25.8.2 Health Checks

class HealthChecker:
    async def check_health(self):
        checks = {
            'gpu_memory': self.check_gpu_memory(),
            'model_loaded': self.check_model_loaded(),
            'latency': await self.check_latency(),
            'queue_depth': self.check_queue_depth(),
        }

        healthy = all(checks.values())
        return {'healthy': healthy, 'checks': checks}

    def check_gpu_memory(self):
        used = torch.cuda.memory_allocated()
        total = torch.cuda.get_device_properties(0).total_memory
        return used / total < 0.95  # Alert at 95%

    async def check_latency(self):
        start = time.time()
        _ = await self.model.generate("test", max_tokens=1)
        latency = time.time() - start
        return latency < 0.5  # Health check should be < 500ms

25.9 Cost Optimization

25.9.1 Token Budgeting

class TokenBudget:
    def __init__(self, daily_budget_tokens):
        self.daily_budget = daily_budget_tokens
        self.used_today = 0
        self.reset_time = self.next_midnight()

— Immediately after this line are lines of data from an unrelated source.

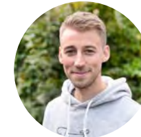
Valentin Rausch Stadtrat Bündnis 90/Die Grünen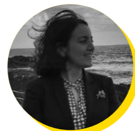
Isabel Carvalhais Deputada, Parlamento Europeu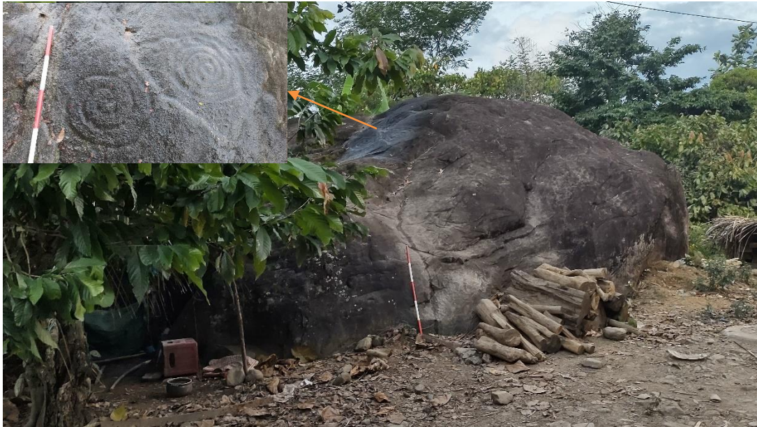
Imagen 05: Petroglifos tallados sobre la superficie lateral del soporte pétreo. Nótese el diseño de doble espiralado.

"Decenio de la igualdad de oportunidades para mujeres y hombres" "Año del bicentenario del Perú: 200 años de independencia"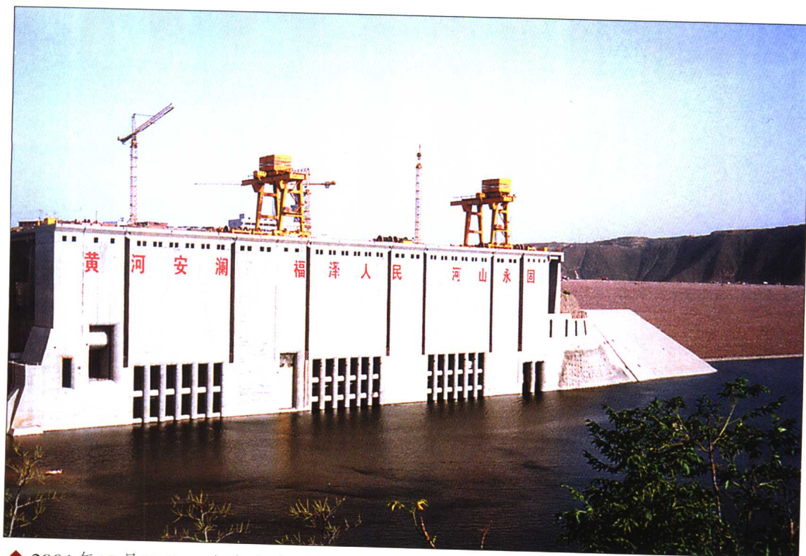
◆ 2001年12月27日，小浪底水利枢纽第6台机组正式投产发电。这标志着小浪底水利枢纽主体工程全部完工。图为小浪底大坝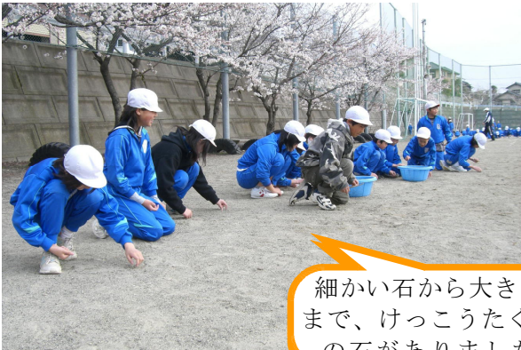
4月11日 運動会に向けて全校で石拾い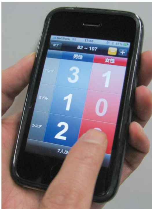
頭取りのデータはiPhoneやiPod touchといった携帯端末で入力。入力データは、ネットワークで結ばれた本部やホールへその場で送信可能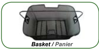
Basket / Panier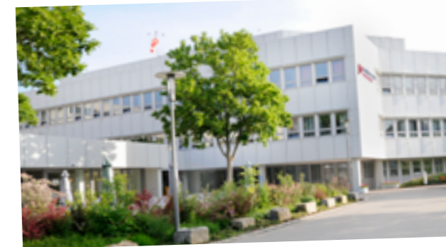
medius KLINIK KIRCHHEIM

Damit das so bleibt und sogar noch besser wird, braucht es hervorragende Bildungsangebote. Deshalb betreiben wir die Berufsfachschulen für Pflege in Nürtingen und Ostfildern-Ruit sowie die Akademie in Kirchheim unter Teck. Darüber hinaus kooperieren wir mit verschiedenen Berufsfach- und Hochschulen und sind akademisches Lehrkrankenhaus der Universität Tübingen.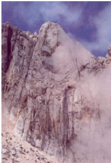
Il Corno Piccolo visto dal Rif. Franchetti

Descrizione: dai Prati di Tivo si segue la strada asfaltata che sale dal piazzale al pianoro di Cima Alta, da dove inizia un sentiero che risale la cresta con un bellissimo panorama sul Paretone est del Corno Grande, fino a giungere all'Arapietra (2000m circa), base anche di arrivo della seggiovia. Da qui si sale su per il sentiero n.3 che conduce al rifugio Franchetti, passando sotto le pareti verticali del Corno Piccolo, a mezza costa nel Vallone delle Cornacchie. Superato il Passo delle Scalette dopo un piccolo tratto attrezzato con una corda metallica, il sentiero continua a salire per lo spuntone che divide in due l'alta Valle delle Cornacchie, dov'è arroccato in bella posizione, tra il Corno Grande e il Corno Piccolo, il rifugio Franchetti, costruito nel 1958 e di proprietà del CAI di Roma.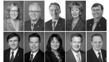
国会议员贺法轮大法弘传 23 周年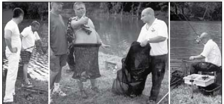
NEMZETKÖZI VERSENY. Bodrogszerdahelyen tartott nemzetközi horgászversenyen a megyei szövetségünk is képviseltette magát egy csapattal.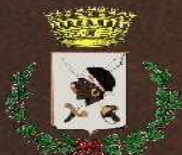
Comune di Villaputzu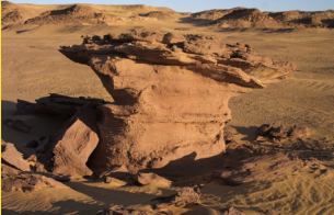
Sculptures du vent à Tmana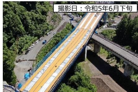
撮影日：令和5年6月下旬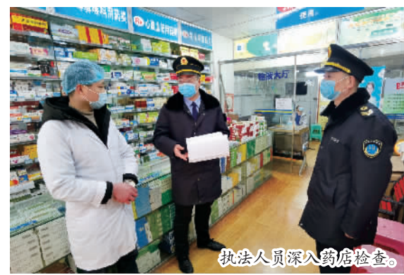
执法人员深入药店检查。

本报讯 (记者 杨新宇 文/图) 1月19日,县卫生健康委与市场监管局对辖区内诊所、药店、商超的新冠肺炎疫情防控工作进行联合督导检查。对进入经营场所顾客的测温、扫码、佩戴口罩等工作落实情况进行现场督导。

    def can_serve(self, estimated_tokens):
        if time.time() > self.reset_time:
            self.used_today = 0
            self.reset_time = self.next_midnight()

        return self.used_today + estimated_tokens <= self.daily_budget

    def record_usage(self, tokens):
        self.used_today += tokens

    def estimate_request_cost(self, input_len, max_output):
        # Pricing model
        input_cost = input_len * 0.00001  # $0.01 per 1K input
        output_cost = max_output * 0.00003  # $0.03 per 1K output
        return input_cost + output_cost

25.9.2 Model Selection

Route to cheaper models when possible:

class ModelRouter:
    def __init__(self):
        self.models = {
            'small': {'model': 'llama-7b', 'cost': 0.001},
            'medium': {'model': 'llama-13b', 'cost': 0.003},
            'large': {'model': 'llama-70b', 'cost': 0.01},
        }

    def select_model(self, request):
        """Select cheapest model that can handle request."""
        complexity = self.estimate_complexity(request)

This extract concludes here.